これまでに5回のWGが開催されており、パブリックコメントを経た上で『中間とりまとめ』として整理されています。
(パブコメによる追記・修正はほぼ無し)
再エネ設備における土地開発後から廃棄までにおける各段階と横断的事項に関して整理されています。
使用済太陽光パネルの適正廃棄に関わる事項も、『出力更新・増強時の廃棄等費用の取扱い』や『大量廃棄に向けた計画的対応』として整理されています。

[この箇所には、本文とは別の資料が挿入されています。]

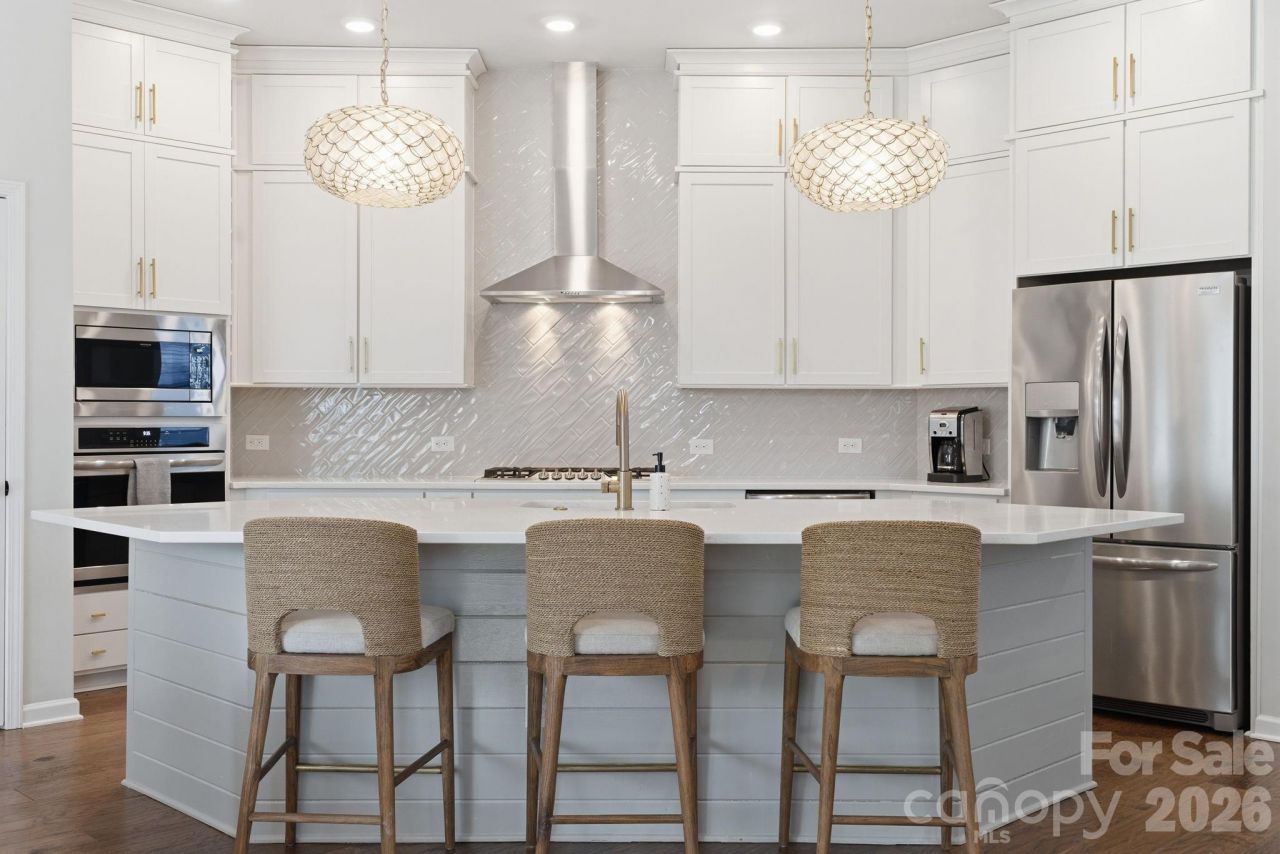 Beautifully designed 2,429 sq ft luxury duet in Villa Heights featuring 10' ceilings, curated finishes, and exceptional storage rarely found in duet living. The open-concept main level showcases a gas fireplace, built-in drop zone, and a thoughtfully upgraded kitchen with gas cooktop, beverage cooler, dedicated pantry, and additional upper cabinetry.Custom details including board and batten molding, beadboard accents, and designer lighting elevate the home throughout. The dining space features a striking accent wall, creating a true focal point for entertaining.Upstairs, the spacious primary suite offers a tray ceiling, custom walk-in closet system, and a well-appointed bath with oversized soaking tub and private water closet.Enjoy the covered rear deck overlooking trees and a peaceful stream, along with a gas line stub for future outdoor grilling. A standout feature is the tall, walkable crawl space with vapor barrier, providing exceptional storage not typically found in townhomes.Located just minutes from NoDa, Plaza Midwood, and Uptown.

太陽光パネルが廃棄されるピークが2030年代に想定されており、計画的な対応や太陽光パネルの含有物質等の情報を正確に把握するためのデータベース構築、リサイクルの制度的支援や義務的リサイクル制度の活用など、引き続き検討すべきと指摘されています。
なお上記事項の概要は、過去に開催されたWGの議論として紹介しています。
今後は『中間とりまとめ』で示された方向性に基づき、関係省庁と連携しながら実効性確保や関係者の権利保護の観点も考慮し詳細な検討を行うとともに、地域・環境と長期に共生する再エネ導入に向けて必要な制度的対応を速やかに講じらることが期待されます。
FIT制度の始まった2012年以降に急速に普及が進んだ太陽光発電ですが、一方では多様な事業者の新規参入もあり、地域との軋轢や懸念(安全面・防災面、景観や環境への影響、将来の廃棄等)も高まっています。
東京都や川崎市で戸建て住宅への太陽光発電設置義務に代表されるように、地方や自治体でも再エネ普及に向けた動きが活発になっており、再エネの普及には地域社会・市民の理解が求められます。
循環経済・リサイクル資源の有効活用という観点からも、太陽光パネルの適正廃棄・リサイクルを促進するための制度的対応が求められ、今回で取りまとめられた方向性での制度化が進める必要があります。
今回公表された『中間とりまとめ』は、発電事業者だけでなく、再エネ設備の施工業者や静脈産業に業者など多くの事業者に関わる内容であり、広く情報が周知されることが望まれます。